How best can a man live in this world? Some men, well, ‘man-up.’ I, on the other hand, use gender ethics to live in a fortress where the voice of Socrates plays on loop: “Know thyself, for once we know ourselves, we may learn how to care for ourselves.” There can be no straight answers to this question, but either way, I have come to understand that it is a defence mechanism. The isolation, restriction and pain are all the same. An island is an island, after all, whether it’s made of society’s mores around masculinity or my own subversion of them.
In my earnest attempts to be my own and only caregiver, I have discounted the care that has broken through my recalcitrance – friends who make me laugh every day, parents who swap their concern for silliness, and a doctor who treats me like a person, not a problem. I can’t run away from my privileges.
David Foster Wallace once wrote, “The really important kind of freedom involves attention, and awareness, and discipline, and effort, and being able truly to care about other people and to sacrifice for them, over and over, in myriad petty little unsexy ways, every day.” Reading those words, I have felt struck by how things like freedom and delight become impossible if we don’t stop to care for those around us, if we don’t acknowledge that we are nothing without the other. Care, as I somewhat belatedly see, is a two-way street. To give care, I must be able to receive it, too.

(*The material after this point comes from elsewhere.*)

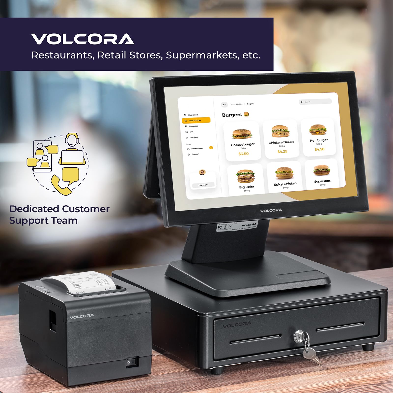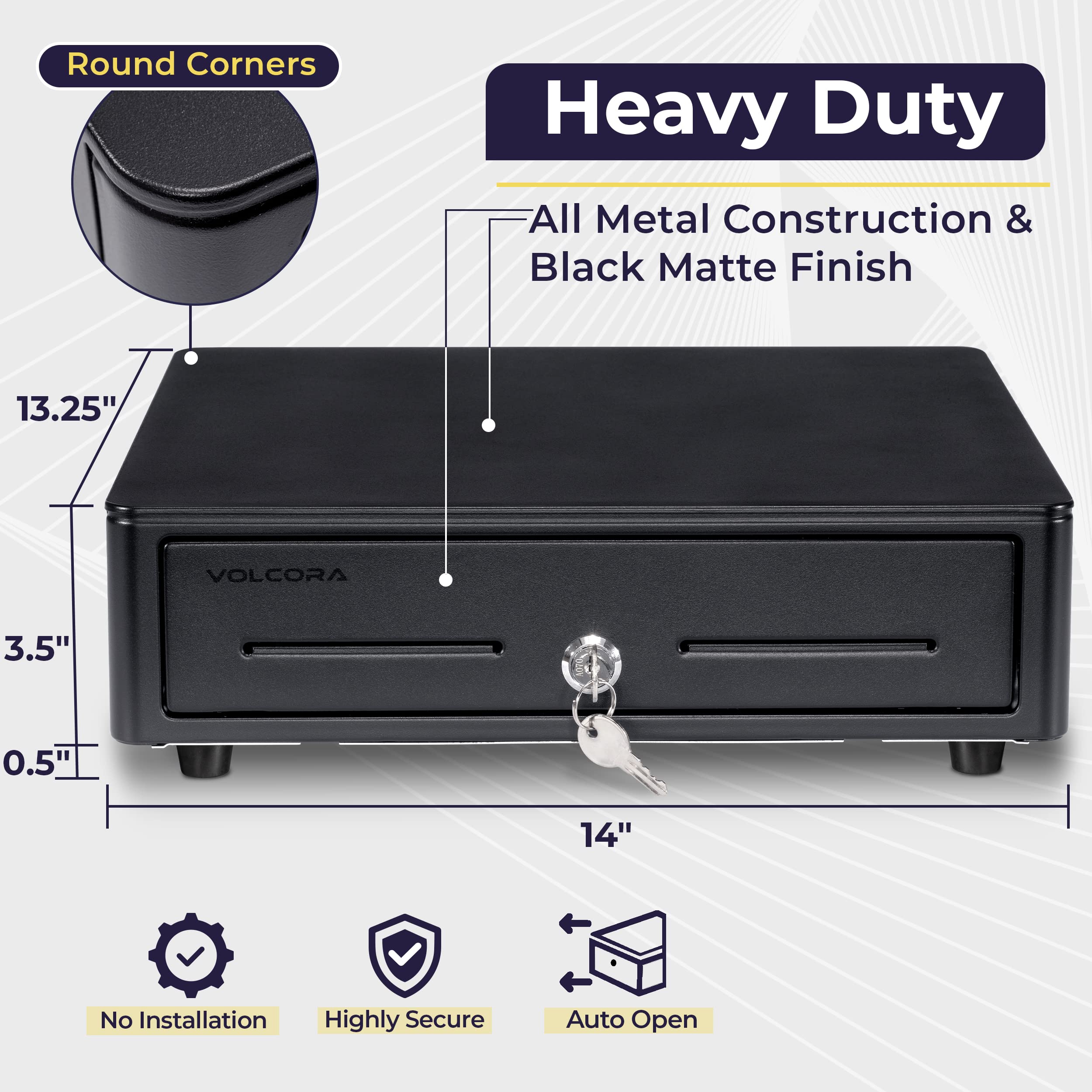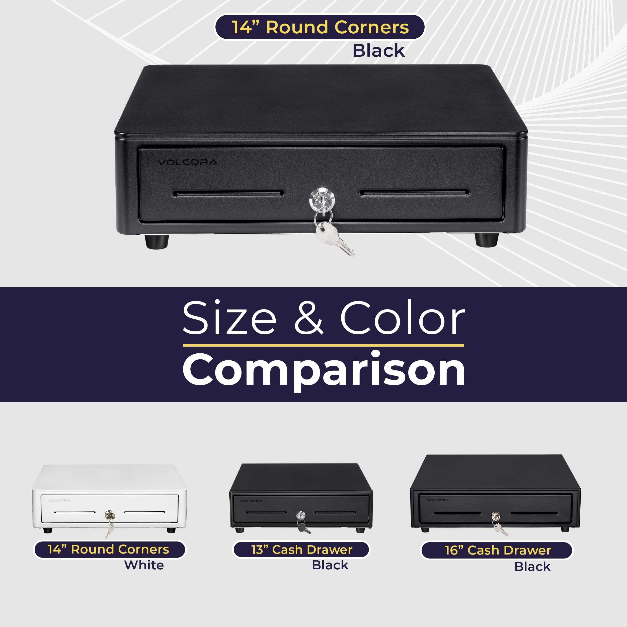 DURABLE POS CASH DRAWER: Volcora cash register drawer with round corners measures 14"x13.25"x4", Color: black, and Voltage: 24VDC. Our cash drawer has a heavy duty durable metal frame that is an ideal cash register for small businesses and even big establishments too.
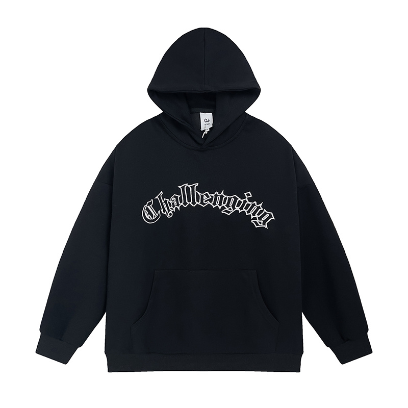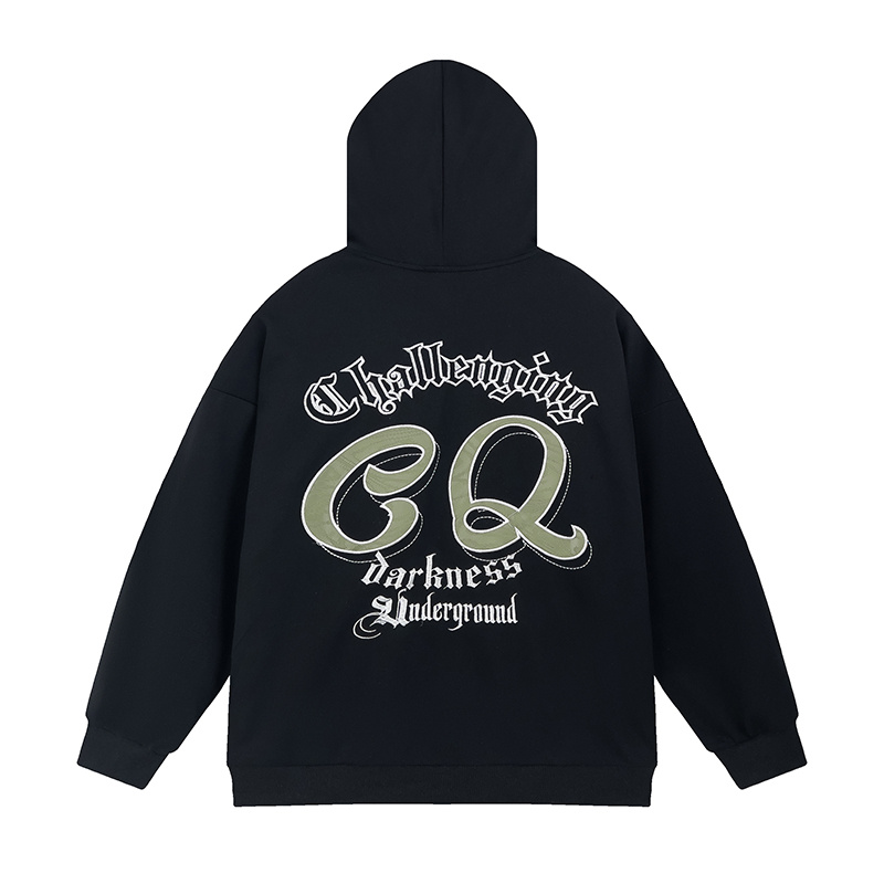 Худи с белой вышивкой ACQT черное для повседневной носки

In the last year, I have often thought of M, of how she sat across from me, with her hands clasped in her lap, as if already mourning. I sometimes wish she would again ask me, “Tell me, what can I do?” If I could, I would tell her to be patient. I would ask her for a hug. I would say that the flames licking the insides of my mind need both Lithium and love to be extinguished. I never did have the courage then, and I doubt I have that courage now.
We never did see each other again, M and I.